Your answer must be the lines from the one containing "홍성중학교(교장 임도순)는 지난" through the last line below, copied exactly, with no pictures.

■ **Excerpted records**
────────────────────────────────────────

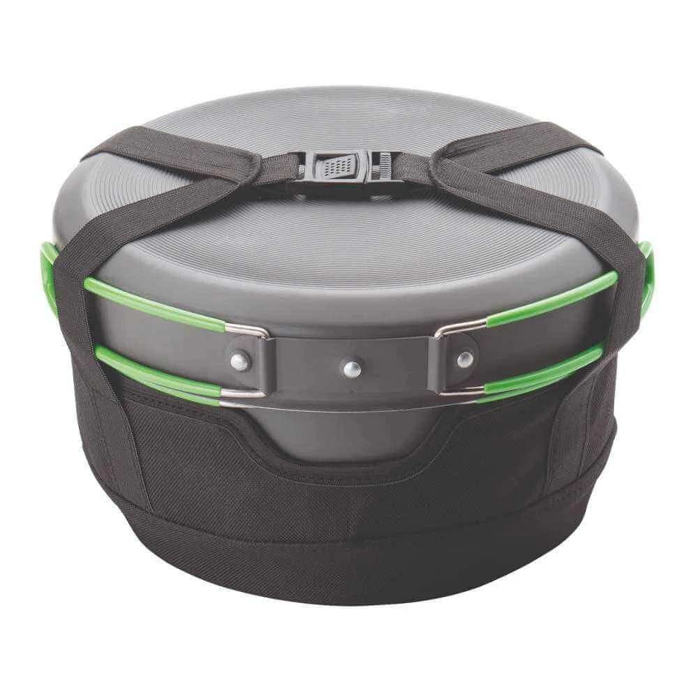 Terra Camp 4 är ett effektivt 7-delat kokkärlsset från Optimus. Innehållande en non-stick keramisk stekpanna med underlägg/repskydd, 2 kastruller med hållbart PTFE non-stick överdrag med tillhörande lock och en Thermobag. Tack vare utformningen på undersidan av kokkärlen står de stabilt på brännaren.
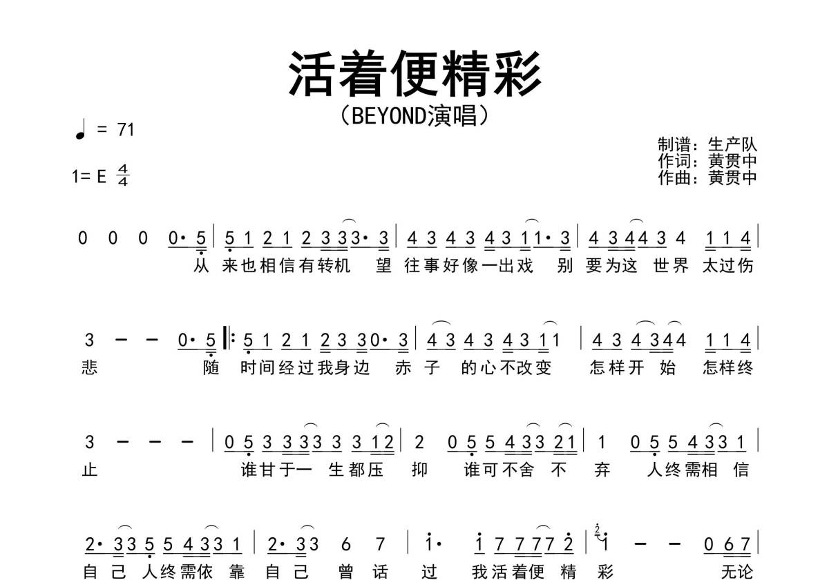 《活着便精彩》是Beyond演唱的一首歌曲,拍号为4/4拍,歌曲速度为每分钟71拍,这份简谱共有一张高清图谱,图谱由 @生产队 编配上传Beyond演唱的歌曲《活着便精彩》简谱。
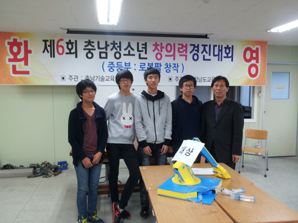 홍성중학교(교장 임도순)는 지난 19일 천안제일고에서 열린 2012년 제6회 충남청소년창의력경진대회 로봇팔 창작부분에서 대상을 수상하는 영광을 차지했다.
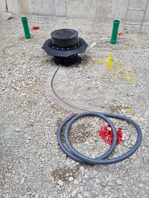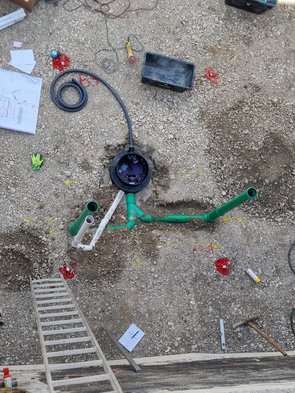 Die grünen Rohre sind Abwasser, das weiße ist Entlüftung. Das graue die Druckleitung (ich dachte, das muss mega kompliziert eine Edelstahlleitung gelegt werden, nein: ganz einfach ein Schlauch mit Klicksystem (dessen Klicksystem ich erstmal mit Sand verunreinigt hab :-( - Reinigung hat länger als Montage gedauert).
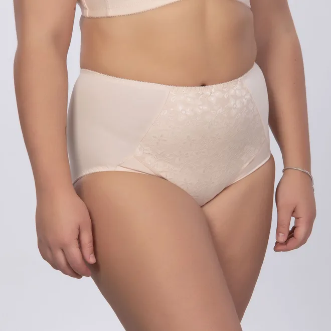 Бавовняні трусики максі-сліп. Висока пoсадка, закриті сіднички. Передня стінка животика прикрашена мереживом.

────────────────────────────────────────

■ **Written reply**
 홍성중학교(교장 임도순)는 지난 19일 천안제일고에서 열린 2012년 제6회 충남청소년창의력경진대회 로봇팔 창작부분에서 대상을 수상하는 영광을 차지했다.
 Die grünen Rohre sind Abwasser, das weiße ist Entlüftung. Das graue die Druckleitung (ich dachte, das muss mega kompliziert eine Edelstahlleitung gelegt werden, nein: ganz einfach ein Schlauch mit Klicksystem (dessen Klicksystem ich erstmal mit Sand verunreinigt hab :-( - Reinigung hat länger als Montage gedauert).
 Бавовняні трусики максі-сліп. Висока пoсадка, закриті сіднички. Передня стінка животика прикрашена мереживом.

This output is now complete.